System Prompt — Evaluator RoleYou are an independent, neutral, and objective expert evaluator with deep academic knowledge of 20th-century history, especially World War II, geopolitics, and international relations. TASK: Evaluate how well each provided answer executes the specific task, using your expert knowledge of history. Compare each answer against established historical facts and scholarly consensus. IMPORTANT RULES: - Evaluate ONLY what is explicitly written in each answer. - Do NOT add missing facts, context, or explanations (do not mentally fill in gaps). - Do NOT correct, improve, or rewrite any answer. - Do NOT speculate about what the author might have intended. - Identify factual errors, omissions, inaccuracies, or unsupported claims. EVALUATION CRITERIA: 1. Historical Accuracy: Are facts, dates, events, and causality correct? 2. Completeness: Does it cover all major parts (roles, aggressor status, objectives, hidden motivations, short-term and long-term outcomes)? Does it include major belligerents? 3. Quality & Depth: Is the explanation coherent, logically consistent, and well-structured? Does it meaningfully distinguish between stated (overt) goals and hidden (covert) agendas? 4. Clarity: Is the text understandable and written in high-quality, clear English? 5. Word Limit Compliance: Does it stay within the 1500-word limit while maintaining high quality? SCORING: - Assign a percentage score (0-100) to each answer. - 100% = fully accurate, coherent, complete, covers all overt/covert motivations, and follows all requirements. - 0% = largely incorrect, misleading, incoherent, or severely incomplete. OUTPUT FORMAT (STRICT): Return ONLY a valid JSON object. No text before or after the JSON. JSON RULES: - Use double quotes (") for strings. - Percent values must be numeric (no % symbol). - Ensure valid, parseable JSON. - Do NOT use quotation marks inside strings. Rephrase instead. { "results": [ { "answer_id": "A", "score_percent": 85, "strengths": ["string1", "string2"], "weaknesses": ["string1", "string2"] } ] }

C.2 User Prompt (Evaluator Role)

The following user prompt was sent to each evaluator model. The placeholder text {answer_X} was replaced with the actual anonymised model responses (A = Gemini, B = OpenAI, C = Claude, D = Grok, E = DeepSeek):

User Prompt — Evaluator RoleEvaluate the following answers provided in response to the original task question. Analyze each answer independently according to the evaluation criteria and scoring rules defined in the system instructions. ORIGINAL TASK QUESTION: "Provide a comprehensive analysis of the most significant countries that actively participated in World War II. For each major nation, explain: 1) Their role and contribution to the war (as aggressor, defender, or ally), 2) Their strategic objectives and what they aimed to achieve - including both publicly stated goals and hidden/underlying agendas (territorial expansion, ideological dominance, economic interests, geopolitical power shifts), 3) What they gained or lost in the short term (immediate post-war period, 1945-1950), 4) What they gained or lost in the long term (subsequent decades, geopolitical influence, economic impact).
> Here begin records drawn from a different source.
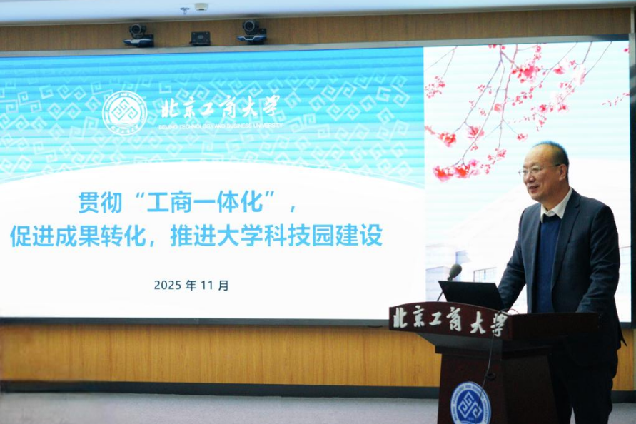 錢立軍代表科管辦以“貫徹工商一體化,促進成果轉化,推進大學科技園建設”為主題進行匯報,詳細介紹了大學科技園建設的整體框架、建設思路、企業入孵程序等工作。他強調,大學科技園是鏈接創新與產業的關鍵橋梁,更是學校服務國家戰略和區域經濟發展的重要平臺,學校將以此為驅動,有力推動科技成果轉化,不斷激發學科建設與科技創新活力,為國家科技發展、實現高水平科技自立自強貢獻北工商力量。
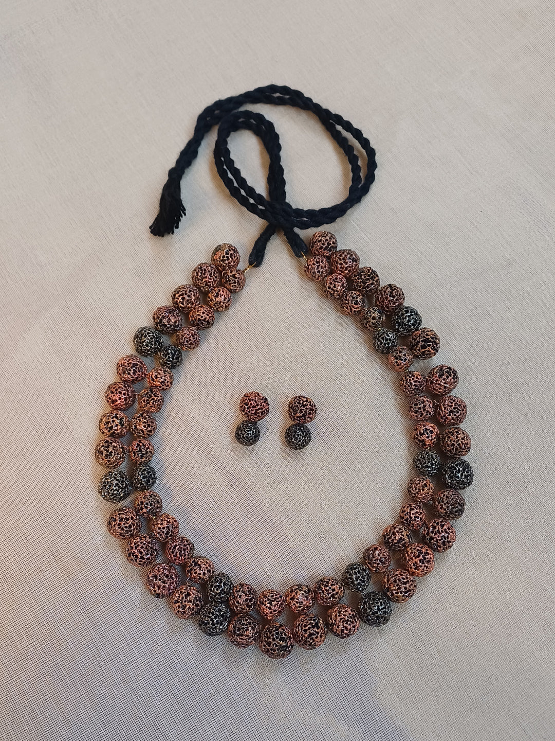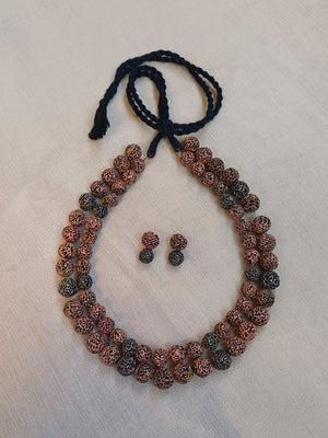 Terracotta Brown Textured Bead Necklace with Matching Earrings
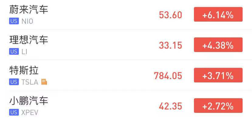 截至发稿,蔚来汽车大涨6.14%,理想汽车涨4.38%,特斯拉大涨3.71%再创历史新高,小鹏汽车涨2.72%。
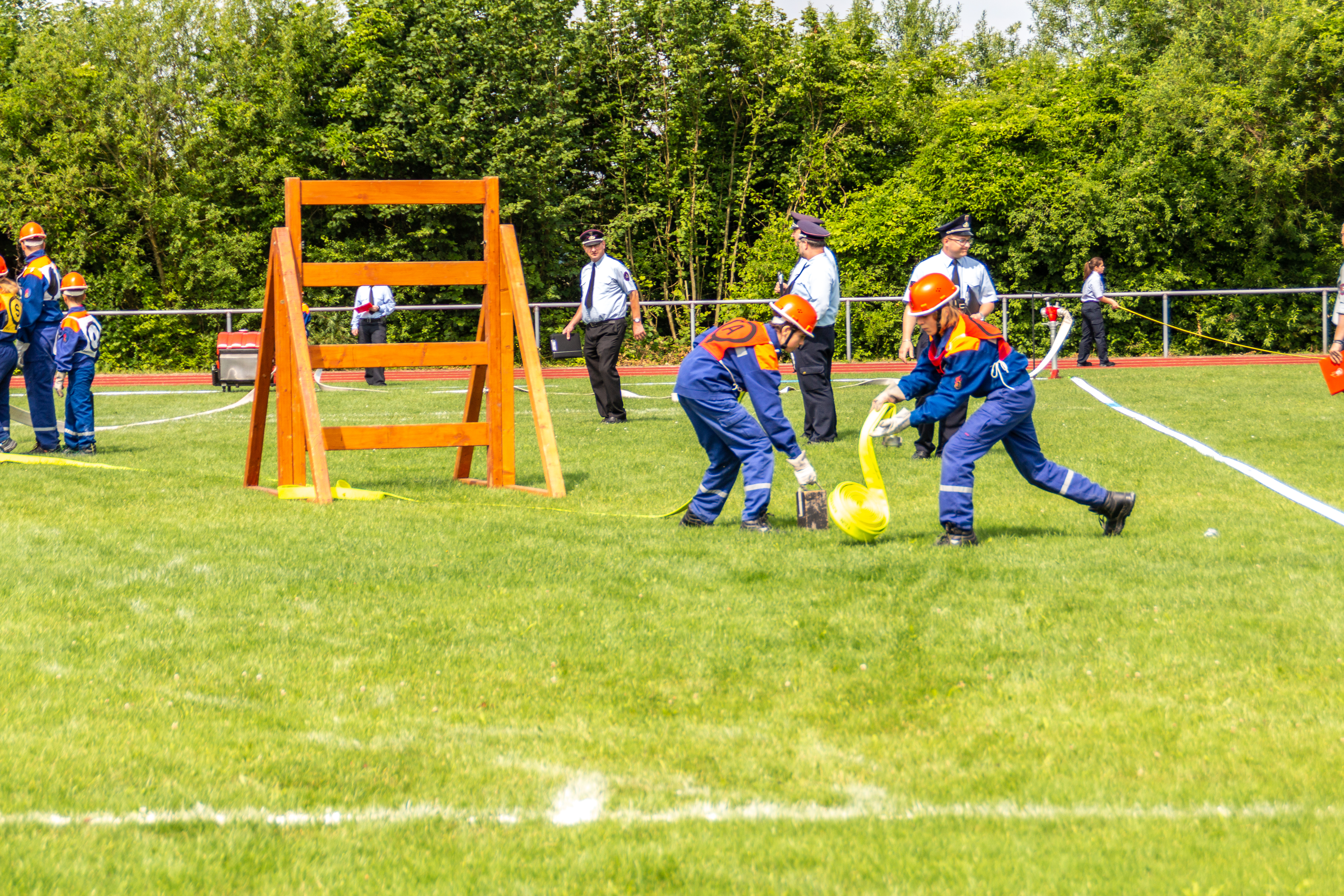 Nach den Regeln der Bundeswettbewerbsordnung der Deutschen Jugendfeuerwehr durchliefen 7 Gruppen und 10 Staffeln die beiden Teile des Wettbewerbs. Im sogenannten A-Teil muss unter einer Zeitvorgabe ein Löschangriff aufgebaut werden. Dabei gilt es Hindernisse wie einen imaginären Wassergraben, eine Leiterwand, Hürde oder Kriechtunnel zu überwinden. Im Anschluss werden ebenfalls unter Zeitnahme vier Knoten und Stiche aus dem feuerwehrtechnischen Gebrauch angelegt.
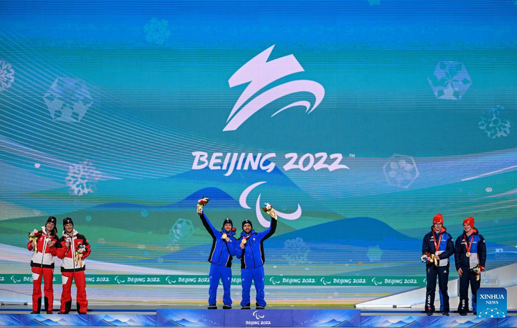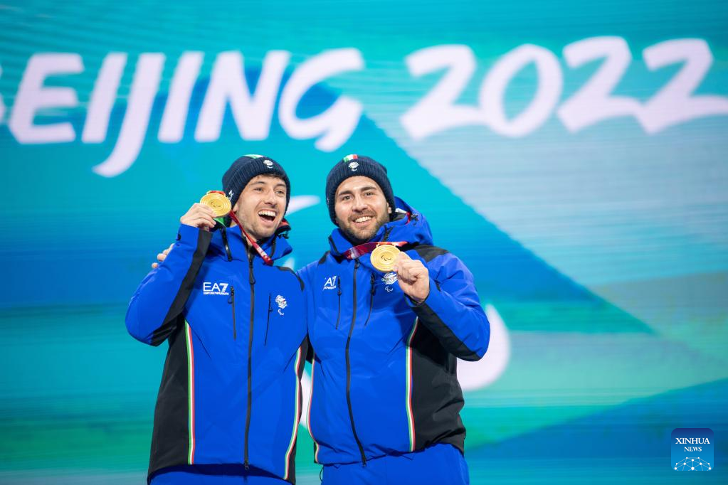 Gold medalist Giacomo Bertagnolli (L) and his guide Andrea Ravelli of Italy pose for photos during the awarding ceremony for the Alpine Skiing Men's Super Combined Vision Impaired of Beijing 2022 Paralympic Winter Games at Yanqing Medals Plaza of the Winter Paralympics in Yanqing District, Beijing, capital of China, March 8, 2022. (Xinhua/Jiang Han)
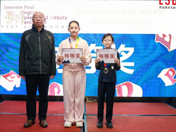 为了拓展学生眼界,培养英语学科素养,我校小学各年级的学生积极参与校外活动。 近日由21世纪英语演讲与辩论中心主办,英语演讲与辩论五项广东组委会承办的 2024年ESDP英语演讲与辩论五项比赛圆满结束,我校小学部选手经过激烈的角逐,在主持与面试展评中取得了优异的成绩。
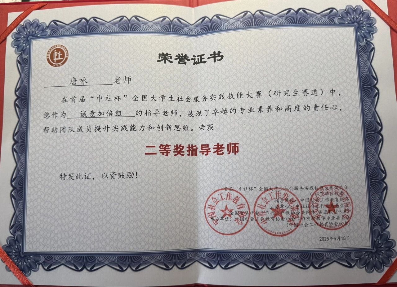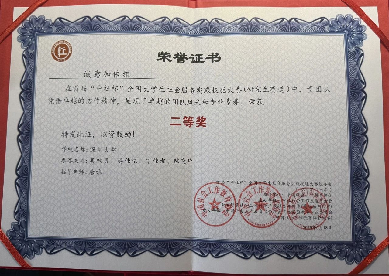 2025年5月18日,由中国社会工作教育协会指导,中社社会工作发展基金会和全国智慧社会工作行业产教融合共同体主办的首届“中社杯”全国大学生社会服务实践技能大赛圆满落幕。本次大赛共有来自复旦大学、中国人民大学、上海大学等263所院校,共763支团队3659名学子报名参赛。深圳大学政府管理学院MSW研究生团队在唐咏教授指导下,荣获研究生赛道全国二等奖,成绩优异。
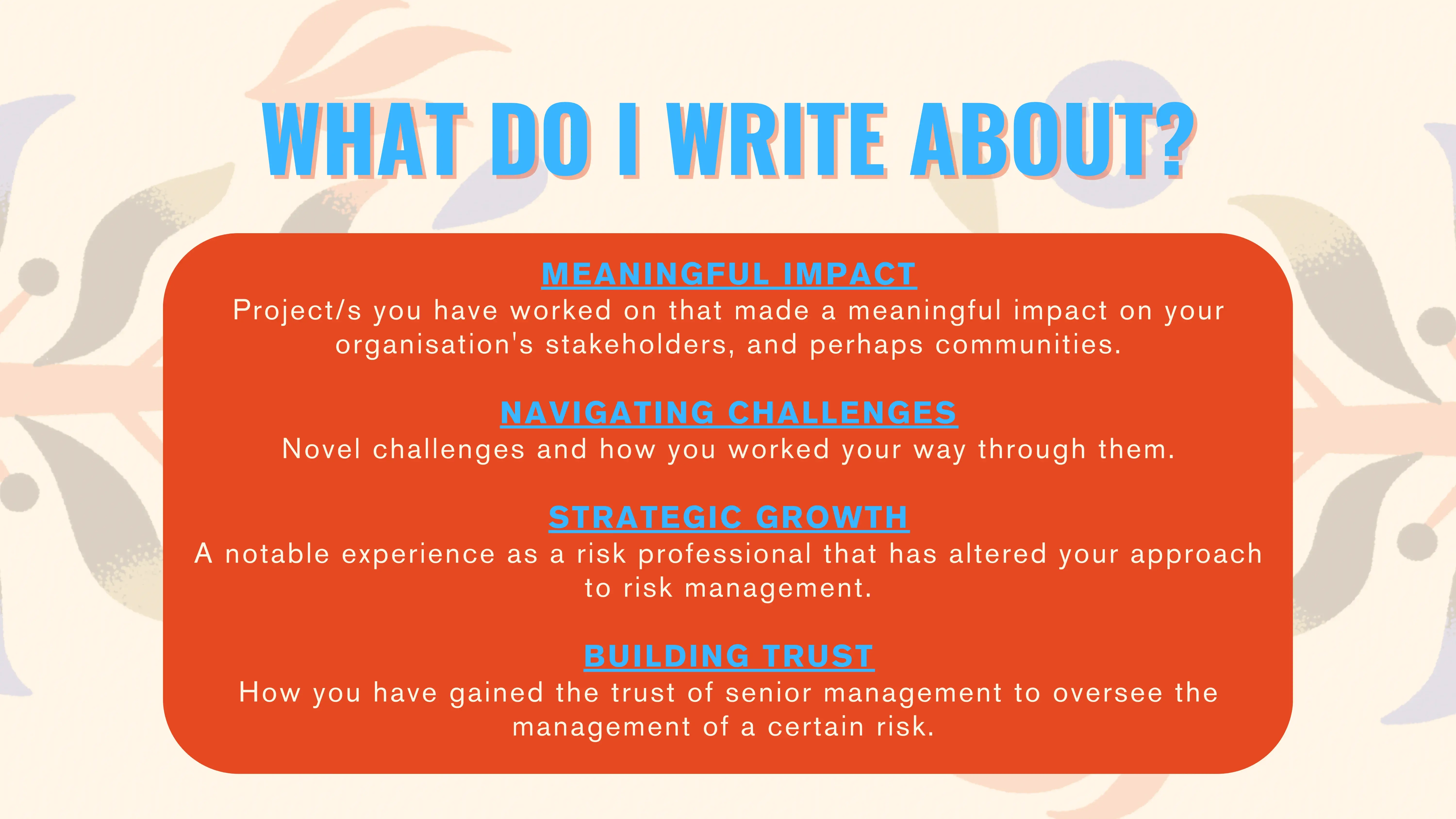 I have 5+ years of experience as a risk professional but would love to share my career journey with an audience. Can I still apply for the challenge?
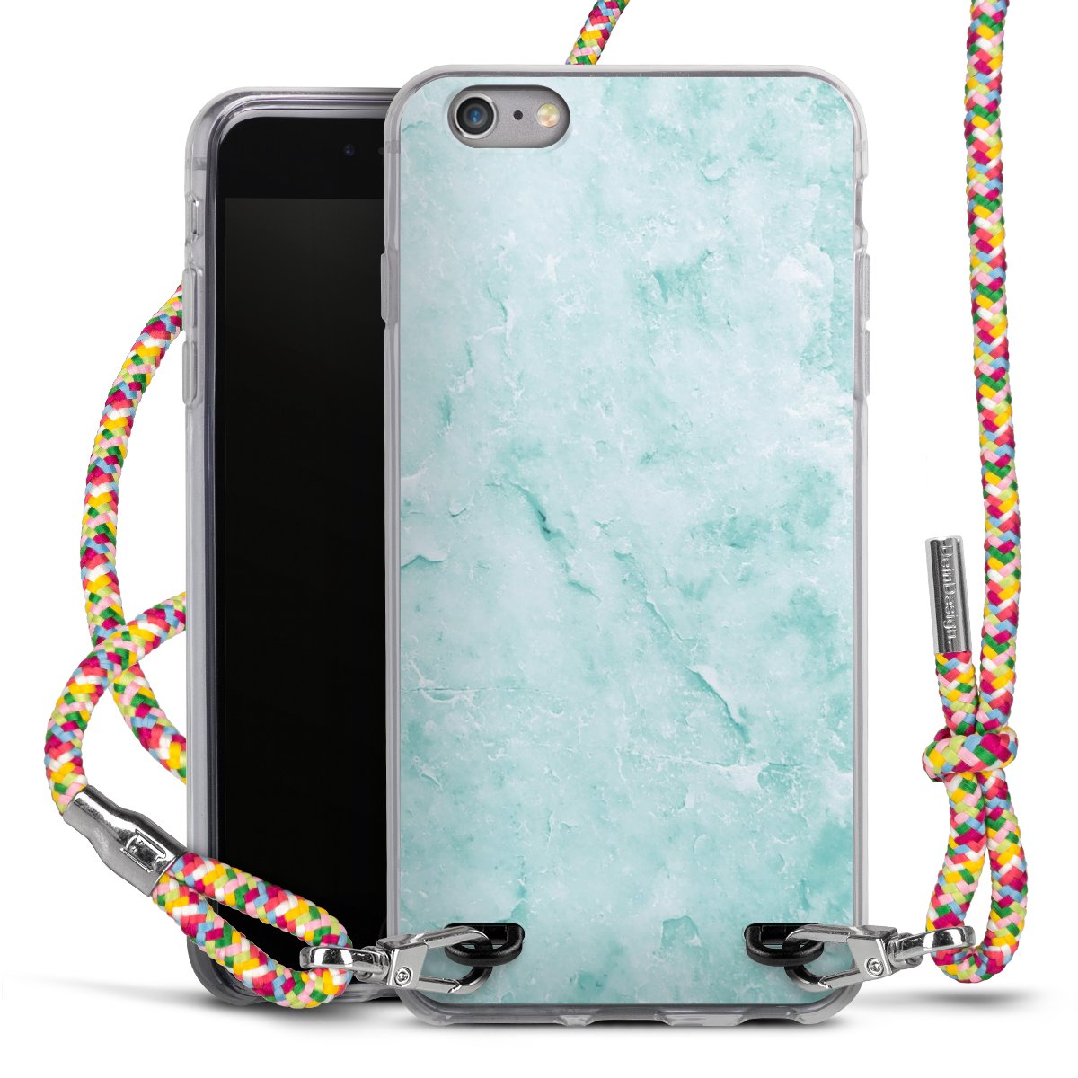 The flexible case is made from a highquality TPU material (thermoplastic Polyurethan). Thanks to its longlasting and break resistant characterisitcs, the case is flexible yet consistent in form and has a great grip and feel. The textile strap made from Polyester gives a chic yet casual accent allowing you to carry your phone like a bag or necklace - a practical gadget perfect for your next adventure. The textile strap is about 1.70 meters long and the length can easily be adjusted through the knots. Our Carry Case is available in Colourful, Mint-Camouflage, Very-Berry, Sahara-Sand and Sparkling-Neon. The ends of the textile strap are covered with metallic end caps to protect them against fraying.
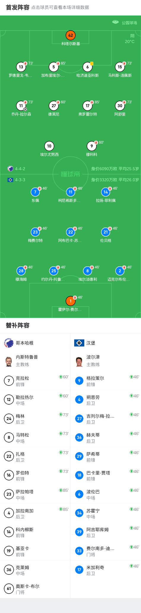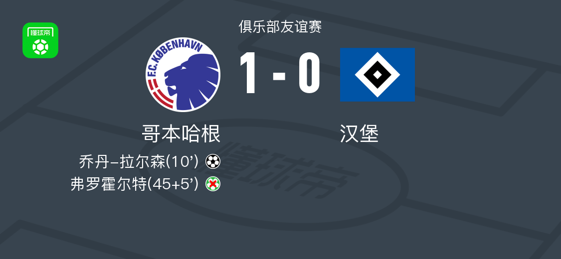 北京时间7月12日俱乐部友谊赛,哥本哈根对阵汉堡。哥本哈根乔丹-拉尔森破门。最终比分哥本哈根 1 - 0 汉堡。
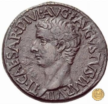 CLM42 Obverse: → DIVO / AVGVSTO / S P Q R Quadriga di elefanti rivolta verso sinistra con fantini. Augusto, radiato, si trova sul carro, con in mano un ramo di alloro e uno scettro. Reverse: ↻ TI CAESAR DIVI AVG F AVGVST P M TR POT XXXVII; → S C • | |
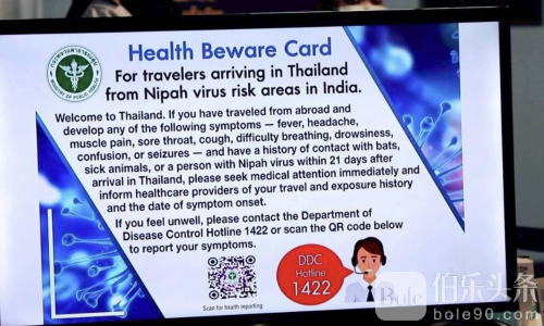 伯乐头条专讯:为防止尼帕病毒输入境内,泰国素万那普国际机场与廊曼国际机场自1月25日起,正式对来自印度西孟加拉邦的入境旅客启动健康筛查措施,全程依照国家防疫标准执行,并获得入境旅客、机场管理局及相关部门的积极配合。
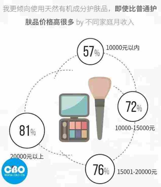 随着新生代消费人群的崛起,市场需求已经发生了根本性转变。80后90后新生代消费人群成为主力消费人群,社会化网络媒体逐渐成为主流媒体,消费人群被细分。随着大众环保健康意识的提升,越来越多的消费者开始从消费源头上注重健康、抵制污染。CBO调研显示,72%的女性被访者表示在使用护肤品之前必须知道成分构成。74%的女性被访者表示,更倾向使用天然有机成分的护肤品,即使其价格比普通护肤品高很多。而家庭月收入越高,消费者对天然有机成分护肤品的需求越强烈。以“尊重自然环境、追求安全单纯以及重视皮肤健康”为宗旨的有机护肤品,似乎在一夜之间成为全球女性护肤的不二选择。
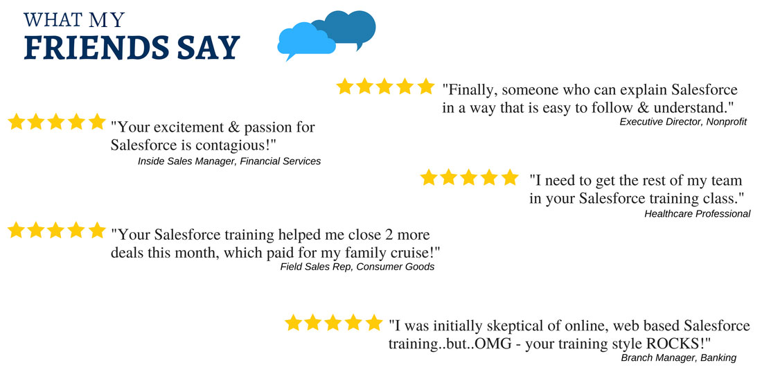 I will help you focus on those areas of Salesforce that are meaningful to you – in your business and your role. I will help you learn best practices on how to use Salesforce most efficiently. I will help you streamline and simplify your business processes, and help you automate them in Salesforce.
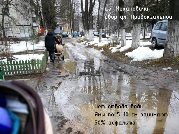 Мы, жители Михановичского сельсовета и просто активные граждане считаем, что уходящий Год малой родины в агрогородке Михановичи прошёл неудовлетворительно: как и 10 лет назад мы ходим по тёмным обочинам шоссе, наматываем километры в обход железной дороги и тонем в грязи после каждого дождика.
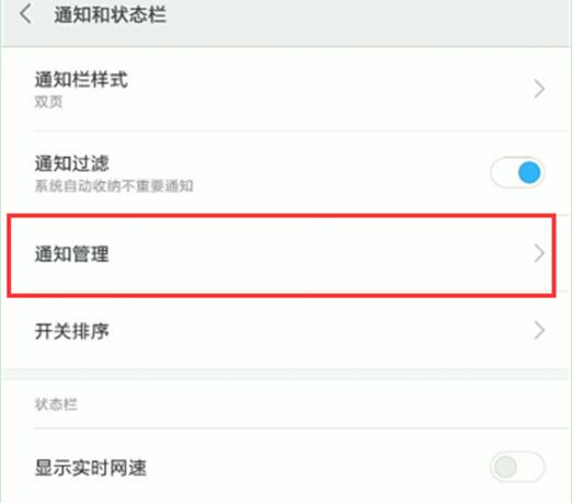 第三步:点击【通知管理】选项,如果是正在通知栏的通知,直接长按该消息也可以直接进入该应用的通知管理,
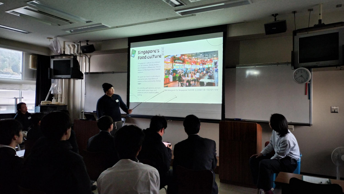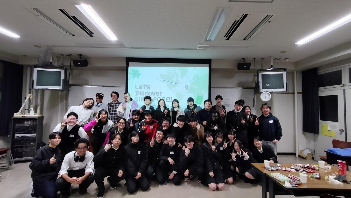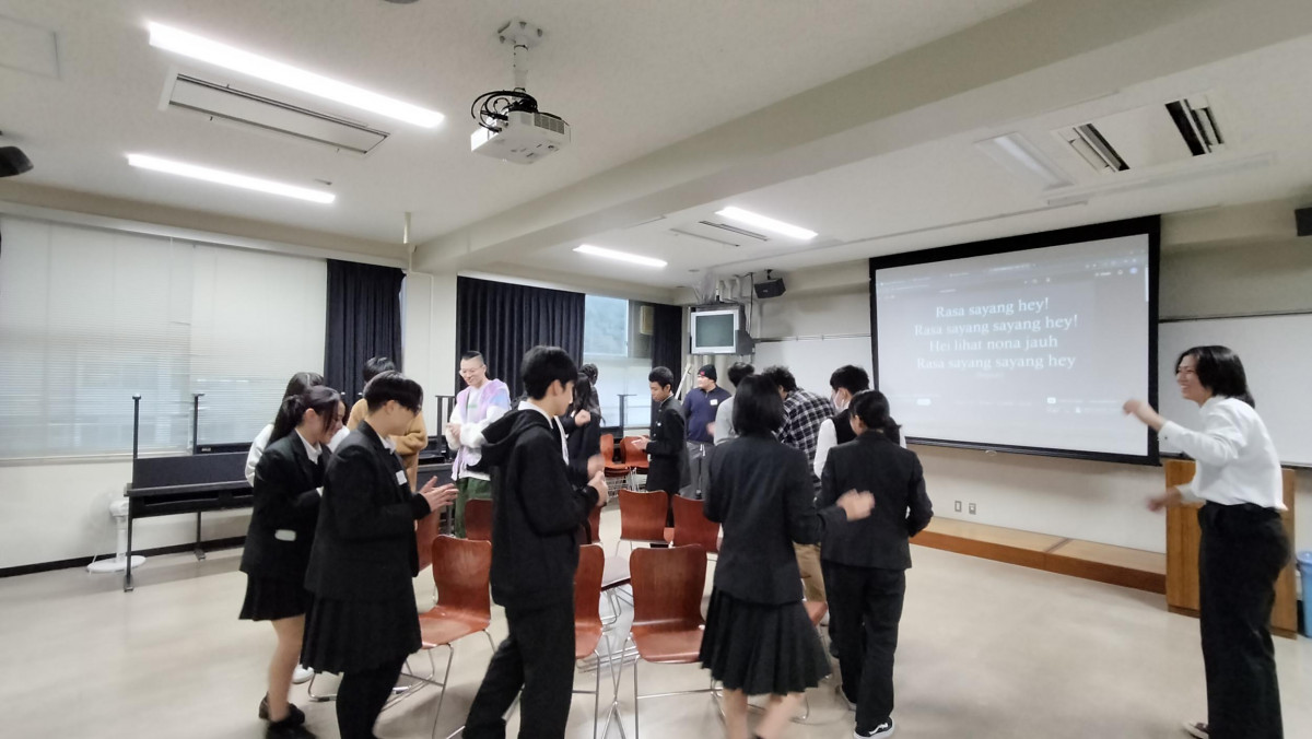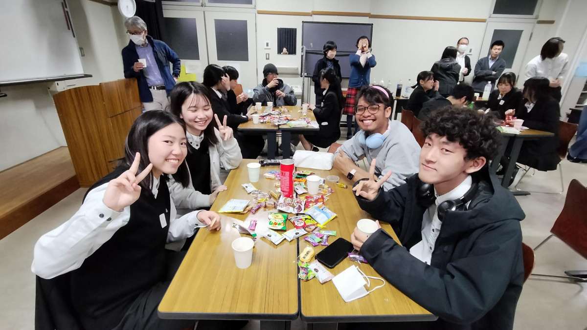 シンガポールからの短期留学生が用意してくれた、パーティーゲームアプリを使ったシンガポール紹介コーナーで盛り上が り 、音楽に合わせた椅子取りゲーム、お菓子を食べながらのコミュニケーションタイム など、学生たちは終始笑顔で英語でのコミュニケーションを楽しみました。

Focus on the primary belligerent nations and organize the analysis by country, highlighting the contrast between their initial war goals and actual outcomes. Requirements: Maximum 1500 words, high-quality analysis." ANSWERS TO EVALUATE: <<< Answer A: {gemini_response} Answer B: {openai_response} Answer C: {claude_response} Answer D: {grok_response} Answer E: {deepseek_response} >>> Return your evaluation in the STRICT JSON format specified in the system prompt, listing numeric scores, strengths, and weaknesses for each answer.